3. $p_i=\frac{1}{2^{i+1}}$

It doesn’t order ${\sum }_{i=1}^{\infty }{p}_i{A}_i$ vs $X$, because fixing $q$ and taking $p\to 0$, the integral for ${\sum }_i{p}_i{A}_i\ge 0$ diverges to $-\infty$, and the integral for $0\ge {\sum }_i{p}_i{A}_i$ diverges to $-\infty$. Note that

${\sum }_{i=1}^{\infty }{p}_i{A}_i=\frac{1}{2}{A}_{+}+\frac{1}{2}{A}_{-}$, where

$A_{+}={\sum }_{i=0}^{\infty }\frac{1}{2^{i+1}}{\delta }_{2^i},A_{-}={\sum }_{i=0}^{\infty }\frac{1}{2^{i+1}}{\delta }_{-2^i}$,

so a mixture of two lotteries, one diverging to $+\infty$, and the other diverging to $-\infty$.

On the other hand, if you require $q=1-p$, then the integral will actually be 0 for each $p$ for this particular lottery, since the lottery is symmetric around $p=\frac{1}{2}$, so you do get equivalence. I suspect we can come up with another counterexample by messing around with how fast each tail is approached and get the liminf of the integral to be positive, and so rank ${\sum }_i{p}_i{A}_i>0$. Maybe instead defining $A_i$ this way would work:

$A_i=(1-\frac{1}{1+2^i}){\delta }_{2^i}+\frac{1}{1+2^i}{\delta }_{-4^i}$.

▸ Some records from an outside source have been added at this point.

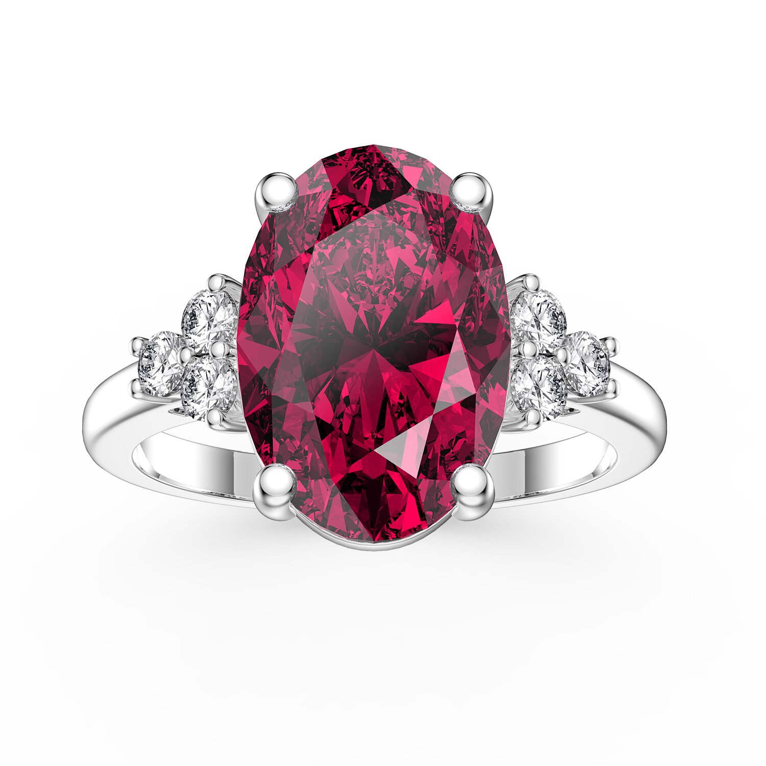 Approx. 3.5ct ( 1 of 8mm by 12mm and 6 of 2mm) Laboratory-Grown Ruby and EF VVS Moissanite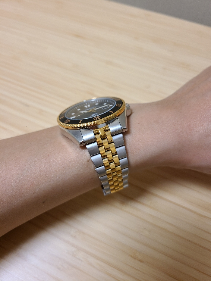 시계줄을 손목에 맞게 줄이고, 착용을 해봤습니다. 뺄 수 있는 링크를 전부 빼고 손목에 올렸는데, 다행히 17-17.5cm 정도의 손목 둘레를 가진 저에게 딱 맞았습니다. 조금만 더 컸더라면 사용을 못할 뻔 했습니다.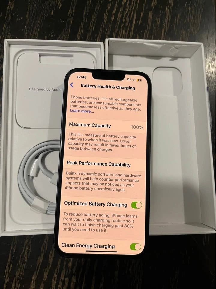 Almost new iPhone 13 128GB with 100% battery health and no issues. This phone is locked to Verizon,Straight Talk or Total Wireless. It was only opened and used for 1 day on WiFi. I got a new phone from my carrier, so this one is extra. Let me know if you're interested!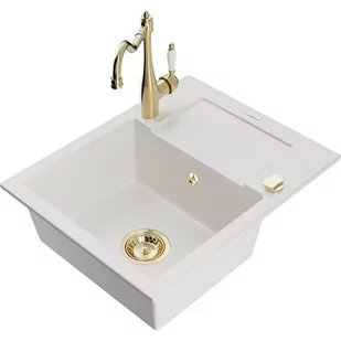 Biały Kolor baterii: Złoty Dane techniczne: Zlewozmywak: Rozmiar: 576x465x174 mm Głębokość komory: 164 mm Wymiary komory:

The idea is that the negative terms get much less far for the same $p$, because far more of the weight is in much lower probability events. The integral for ${\sum }_i{p}_i{A}_i\ge 0$ is roughly counting the number of positive terms whose probability is above $cp$ and subtracting the number of negative terms whose probability is above $cp$, for some constant $c$ (I can’t be bothered to figure out exactly which $c$). This should go to $+\infty$ as $p\to 0$.

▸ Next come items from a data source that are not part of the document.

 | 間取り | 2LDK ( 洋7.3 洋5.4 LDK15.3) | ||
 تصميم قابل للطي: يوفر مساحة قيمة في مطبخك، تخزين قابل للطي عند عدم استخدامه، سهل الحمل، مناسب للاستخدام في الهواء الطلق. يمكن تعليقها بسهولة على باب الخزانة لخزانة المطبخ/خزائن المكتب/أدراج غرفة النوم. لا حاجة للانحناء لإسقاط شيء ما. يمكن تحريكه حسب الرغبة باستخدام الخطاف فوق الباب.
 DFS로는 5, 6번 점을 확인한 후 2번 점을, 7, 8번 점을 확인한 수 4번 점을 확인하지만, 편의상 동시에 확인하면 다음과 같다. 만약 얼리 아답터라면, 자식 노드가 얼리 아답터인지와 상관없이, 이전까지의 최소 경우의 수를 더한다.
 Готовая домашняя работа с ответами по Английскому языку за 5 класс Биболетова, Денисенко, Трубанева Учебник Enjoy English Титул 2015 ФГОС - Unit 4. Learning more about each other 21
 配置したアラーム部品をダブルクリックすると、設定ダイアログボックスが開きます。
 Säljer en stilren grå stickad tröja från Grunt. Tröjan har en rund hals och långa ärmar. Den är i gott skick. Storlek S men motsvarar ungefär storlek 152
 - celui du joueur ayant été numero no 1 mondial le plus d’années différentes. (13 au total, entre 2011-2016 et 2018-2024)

I think you can make things worse, too, again with $q=1-p$. You can choose $A_i<0$ for each $i$, but have ${\sum }_i{p}_i{A}_i>0$ by replacing the $-4^i$ with $-4^i-1$. I think we can even get the gap between $A_i$ and 0 to diverge as $i\to \infty$, with something like $-4^i-i(1+2^i)$ or even $-4^i-3^i$ instead of $-4^i$. If we allow $p$ and $q$ to vary independently again, ${\sum }_i{p}_i{A}_i$ and 0 are just incomparable, which seems okay.

Unfortunately, the quantile function is a pain to work with, so checking whether Intermediate Mixtures holds seems tricky.